211 N.W. 950 | Minn. | 1927
Jackson street, St. Paul, extends north and south. Street cars run thereon. It is crossed by Arch street. Street cars traveling north stop on the far side of Arch street. At this place plaintiff stepped from the curb intending to board a northbound street car. A truck owned by defendant, traveling north, struck her.
1. The learned trial court charged the jury that defendant was guilty of negligence as a matter of law. This was upon the theory that there was a violation of the statute which provides that a motor vehicle, when approaching a street car which has been stopped or is about to stop to allow passengers to alight or embark, shall be brought to a full stop not less than ten feet behind said street car, etc. L. 1925, p. 672, c. 416, § 19. We must consider the evidence most favorable to defendant in passing upon the propriety of this instruction. The truck had been following the street car for about two blocks. It undertook to pass. When the front of the street car was about eight feet south of the south line of Arch street, the front of the truck was even with it. The street car was then traveling about ten miles per hour and the truck about fifteen. The street car had only rear gates. As the two vehicles were thus entering upon Arch street, plaintiff stepped from the curb. The truck driver then saw her for the first time. He slammed on his brakes. The truck skidded across the intersection and came to a standstill in front of the street car which stopped at the northerly side of Arch street. Plaintiff was under the truck, a front wheel having passed over her. The driver testified that when he saw her he blew his horn three times. He said plaintiff got out of his way *3
but got in front of the street car and when she apparently saw it coming toward her stepped back in his course of travel and was struck. It seemed to be the claim of the truck driver that while his truck was skidding he could not control it. The truck was about twelve feet long; the street car forty. The truck was well past the gates before plaintiff's presence was discovered. Till then she had not manifested any desire or intention of boarding the street car. The statute commands that vehicles must stop ten feet behind the gates. When? Approaching the street car means coming near it. Doubtless the common understanding is that the driver must stop behind the gates. That is what the statute says. It applies to the front gates also. Ruddy v. Ingebret,
2. Plaintiff says that if such was error it was without prejudice because defendant was passing the street car at an intersection contrary to L. 1925, p. 671, c. 416, § 15. But when the truck entered upon Arch street it may be safely inferred that it was ahead of the street car and traveling faster. Was this a violation of the passing statute? The court properly left this inquiry to the jury. We cannot say as a matter of law, upon the record before us, that defendant was guilty of this charge or that such conduct was the proximate cause of plaintiff's injuries. The contention that the error was harmless cannot be sustained.

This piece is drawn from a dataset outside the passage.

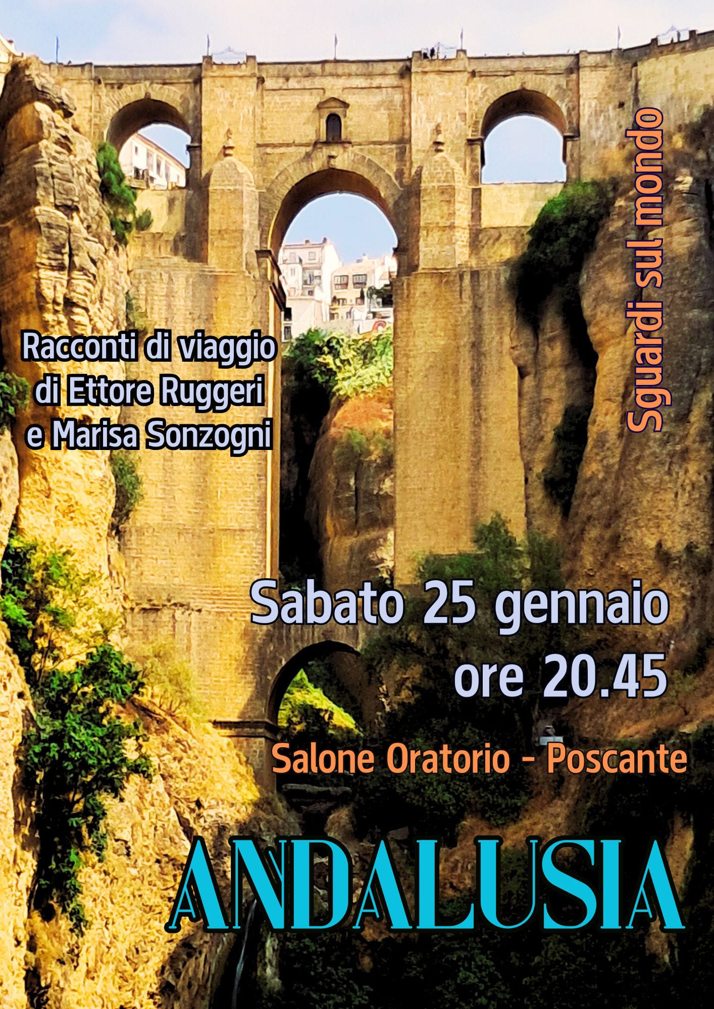 Nel salone dell’oratorio il racconto con foto e video di un viaggio in Andalusia: nove tappe tra storia, cultura, paesaggi spettacolari. Un esempio straordinario di coesistenza e fusione di culture diverse, un crocevia di popoli che hanno lasciato in eredità uno scrigno colmo di ricchezza artistica e culturale unica.

3. Defendant owns the truck. It employs and pays the driver. The truck is kept at defendant's place of business where the driver leaves it at night and reports for work in the morning. He then takes the truck and reports to the National Biscuit Company which *4 has an arrangement with defendant for the exclusive use of the truck and driver in delivering its output to its customers. It pays defendant monthly for this service. It furnishes the driver with addresses for delivery. Defendant gives no directions of this character. The details of the work with respect to time, place, manner and method of delivery are directed by the biscuit company whose name alone appears on the truck. The driver collects for some deliveries and not for others, as he is directed. He is furnished with invoices which show place of delivery and perhaps whether the sale is on credit or for cash. Upon the occasion of the accident the driver was using the truck in business hours and making a delivery for the biscuit company. The driver testified that defendant paid him weekly and that under his employment with defendant he was driving the truck at the time of collision.
Where the driver and vehicle are hired to and placed under the exclusive control of the hirer, the latter and not the owner is liable for injuries resulting from the acts of the driver. 39 C.J. 1278. The right of control is the test in determining whether the relation of master and servant exists. Meyers v. Tri-State Automobile Co.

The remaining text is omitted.